Health disparities are underreported and poorly understood.  This is because they often offer no “local angle” to a story, but can only be understood in the context of comparing one group or region to another.  Such comparisons are easily dismissed as “apples to oranges” by local policymakers.
However, a government-supported university-based study shows vast and stunning differences in the life expectancies of various racial and geographic groups in the United States that can’t be so easily dismissed. 

The complete article, authored by Christopher Murray and others, is rich in comparative data, and its conclusions are more than troubling.  Asian Americans in well-integrated counties have a life expectancy that is 15 years longer than African Americans living in urban settings sometimes just a few miles away.  Rural white Americans in the Midwest have a 7 year life expectancy advantage over rural African Americans in the south. 
Native American and African American men have life expectancies of between 60 and 70 years, but Asian American and white women living in rural areas have life expectancies well into their 80s.  These numbers are underscored by readily-available CDC data tables. 

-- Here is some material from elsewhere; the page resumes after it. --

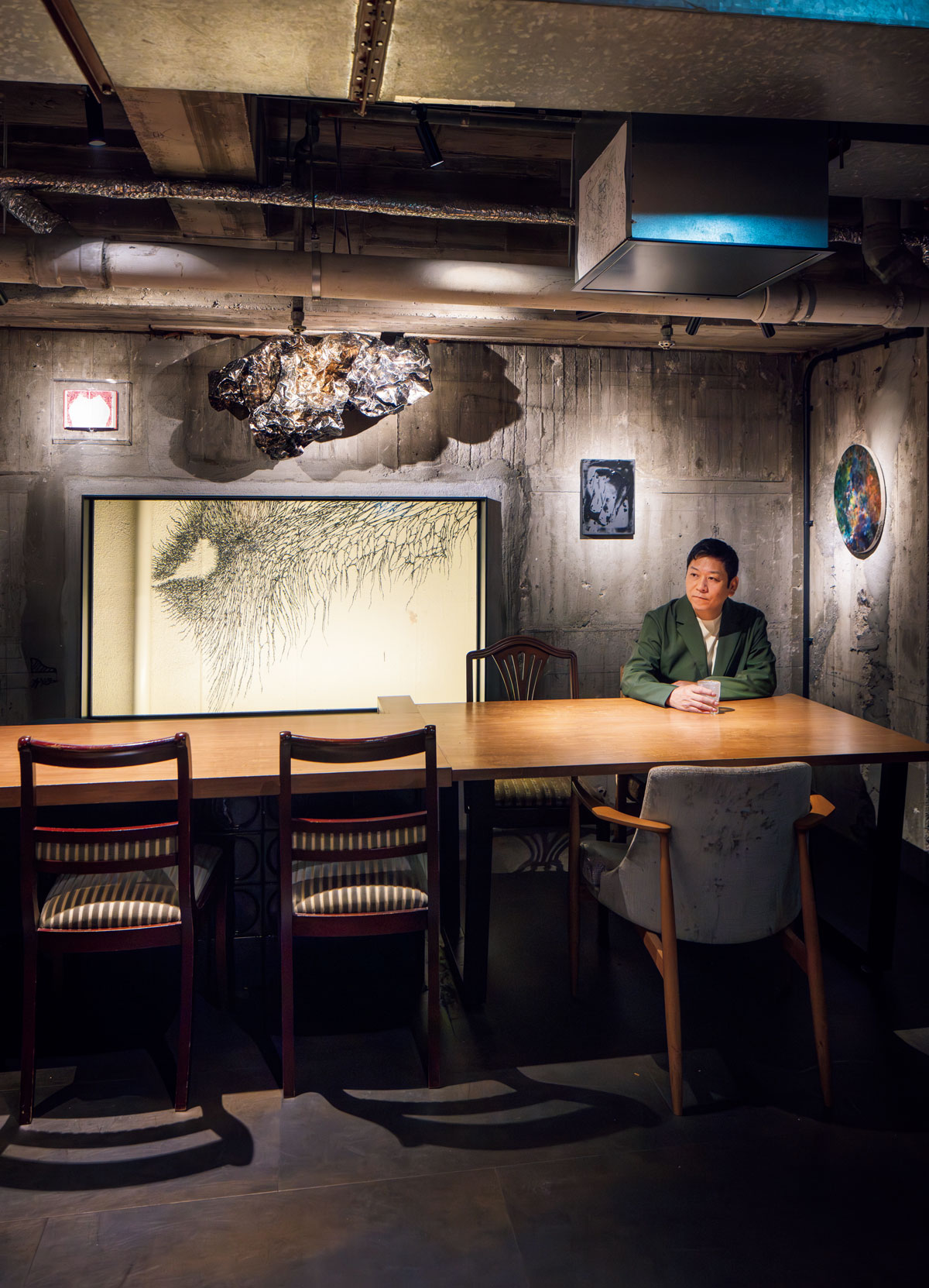 今宵、彫刻家の名和晃平さんが足を運んだのは、祇園四条の雑居ビル。作家仲間たちや京都芸術大学の卒業生らの作品が飾られている半会員制バー〈イクリプシス〉だ。

Nevertheless, the federal government did not make a major commitment to funding specific programs aimed at tackling disparities until more than four years after this study was published.  Just recently, HHS announced its Promotores de Salud community health workers initiative, a strategy specifically designed to address health disparities in minority populations.
However, as Grantmakers in Health points out, both local and national foundations have been focused on this problem for years, leading the way by funding important initiatives looking at both populations and place as determinants of health status for many years.

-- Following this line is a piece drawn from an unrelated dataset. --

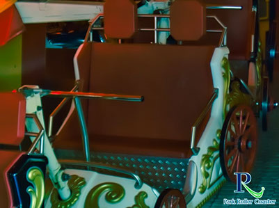 Les trains au début de montagnes russes en vedette des roues de roulement et les roues côte à friction. Ces montagnes russes
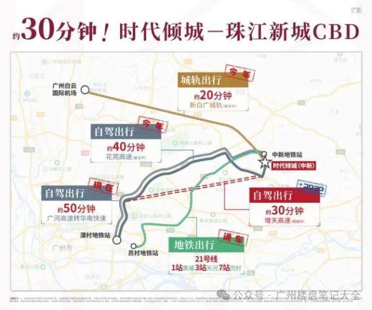 4⃣、自驾车最方便,花莞高速1公里(已开通),增天高速2.5公里,现在30分钟到天河,未来20分钟

At their finest, foundations lead governments to action by experimenting with differing approaches to solving emerging policy problems, and finding and promoting those that work best.
It’s government’s job to bring them to scale.  Then it can solve the underlying problems – like AIDS treatment and prevention, mental health and primary health care integration, and health disparities – it may have been too timid to address, either because it didn’t know what would work or because it didn’t know what the public would support.

Asking foundations also to take on this job of government will reduce the dollars available for innovation and experimentation.  The risk is that we miss out on finding an early solution to the next public health crisis.